*** Source data ***

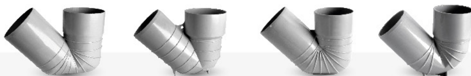
اتصالات فاضلابی چسبی - سیفون
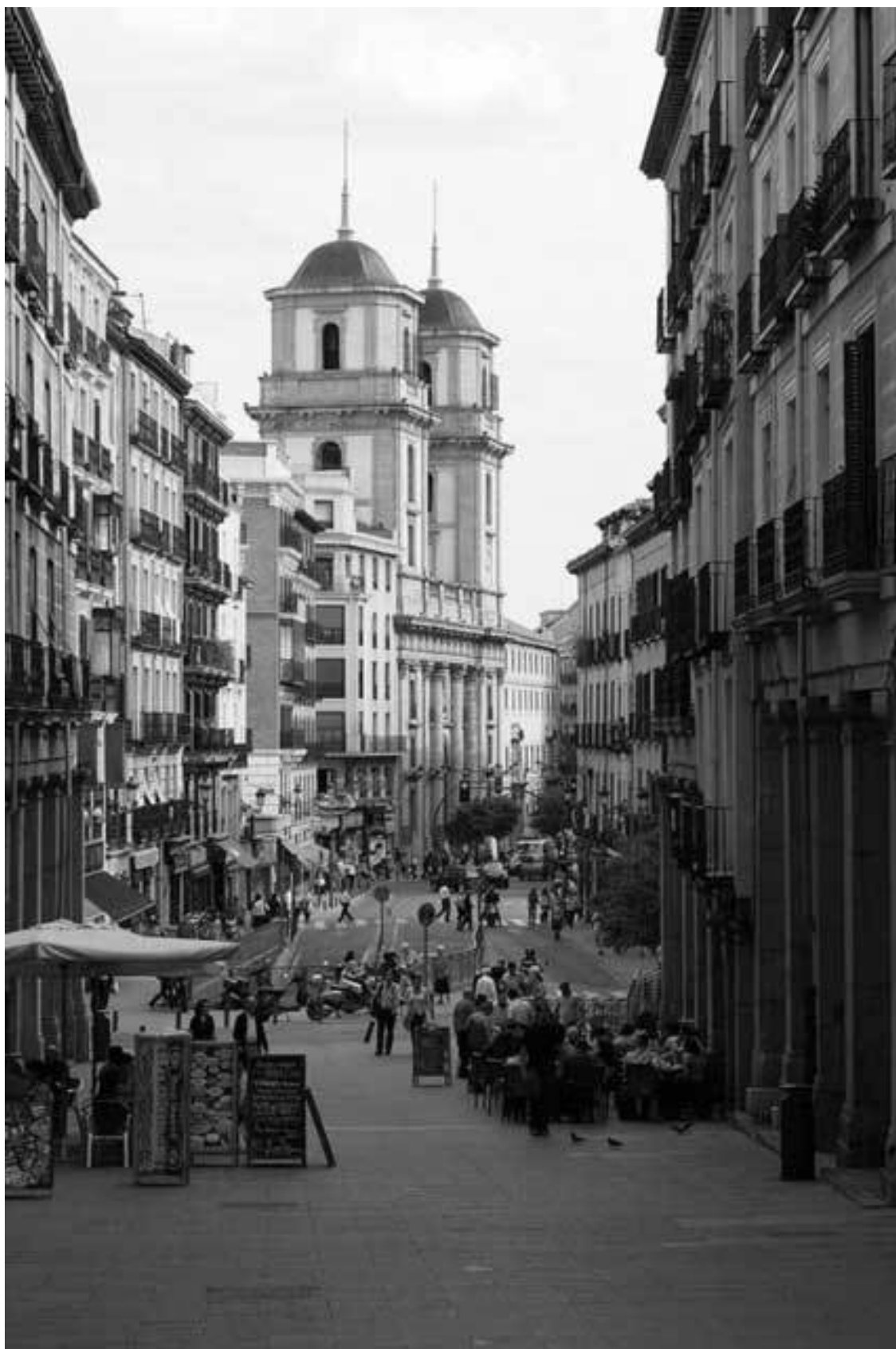
Башни храма Сан-Исидро

Исидро женился на Марии Торриб, впоследствии известной как святая Мария де ла Кабеса. К этому времени хозяин уже сделал его управляющим всеми своими поместьями.
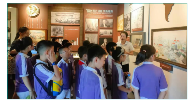
舟山鸦片战争纪念馆
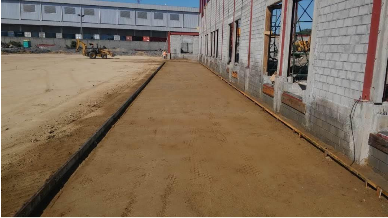
Ilustración 24. Trocha con formaletas colocadas y su suelo afinado y listo para fundición.
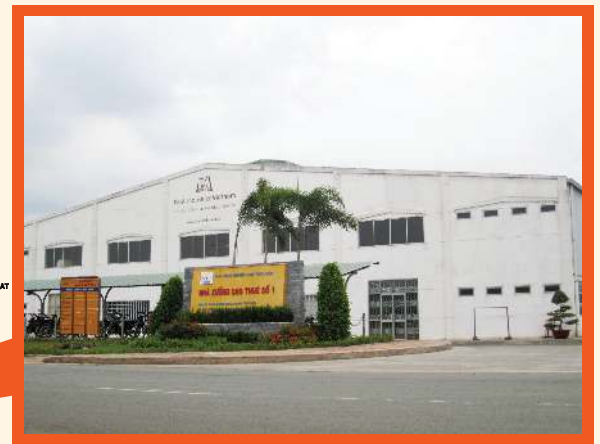
ナムタンウィン工業団地
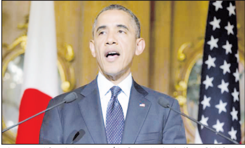
مجموعة كاملة من الإصلاحات الدستورية المنسجمة مع ما تمت مناقشته.

وأوضح أوباما -الذي يزور طوكيو بالمحطة الأولى من جولة آسيوية تشمل أربع دول- أنه كان متشائما منذ البداية بشأن التزام موسكو بما سيتم الاتفاق عليه بين جنيف، مقابل ما اعتبره اتخاذ كيبف خطوات عملية "تطرح
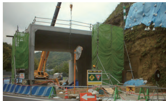
大型プレキャストボックスカルバート
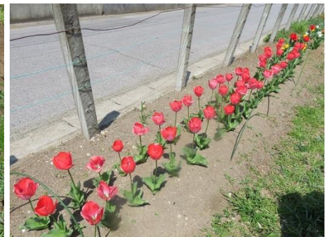
0404 見事に咲くチューリップ
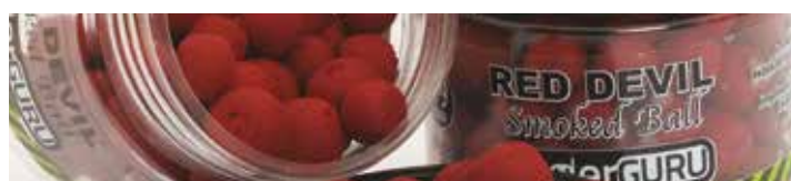
MX3691 RED DEVIL

Ízesítés: Eper-málna Szín: Piros Jellemzők: Vérző, lebegő
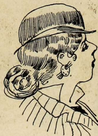
Du chic et du talent.
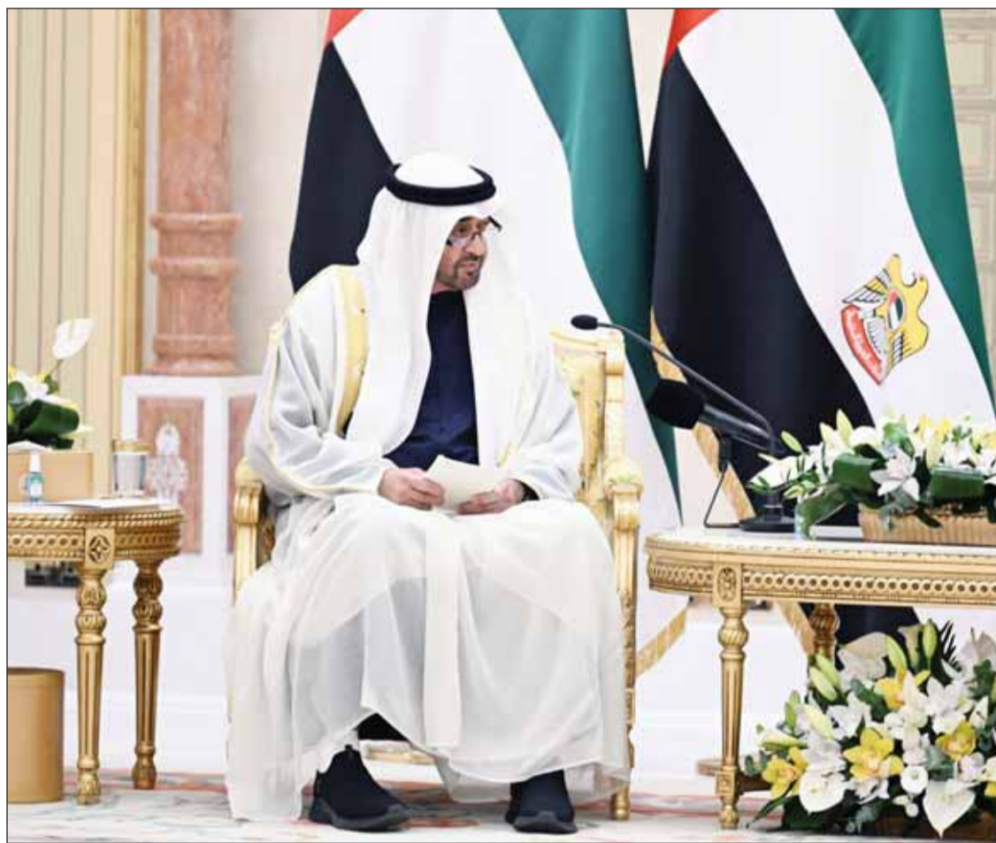
رئيس دولة الإمارات الشيخ محمد بن زايد يلقيه كلمته خلال جلسة المباحثات

حريصون على التعاون مع الكويت وجميع دول الخليج لتعزيز المنظومة لمصلحة شعوبنا

*** End of Source data ***

Retype the lines exactly. Begin at the one that holds "Ilustración 24. Trocha", stop at the last line of the entries above, and drop the pictures.

## Task result
Ilustración 24. Trocha con formaletas colocadas y su suelo afinado y listo para fundición.
ナムタンウィン工業団地
مجموعة كاملة من الإصلاحات الدستورية المنسجمة مع ما تمت مناقشته.

وأوضح أوباما -الذي يزور طوكيو بالمحطة الأولى من جولة آسيوية تشمل أربع دول- أنه كان متشائما منذ البداية بشأن التزام موسكو بما سيتم الاتفاق عليه بين جنيف، مقابل ما اعتبره اتخاذ كيبف خطوات عملية "تطرح
大型プレキャストボックスカルバート
0404 見事に咲くチューリップ
MX3691 RED DEVIL

Ízesítés: Eper-málna Szín: Piros Jellemzők: Vérző, lebegő
Du chic et du talent.
رئيس دولة الإمارات الشيخ محمد بن زايد يلقيه كلمته خلال جلسة المباحثات

حريصون على التعاون مع الكويت وجميع دول الخليج لتعزيز المنظومة لمصلحة شعوبنا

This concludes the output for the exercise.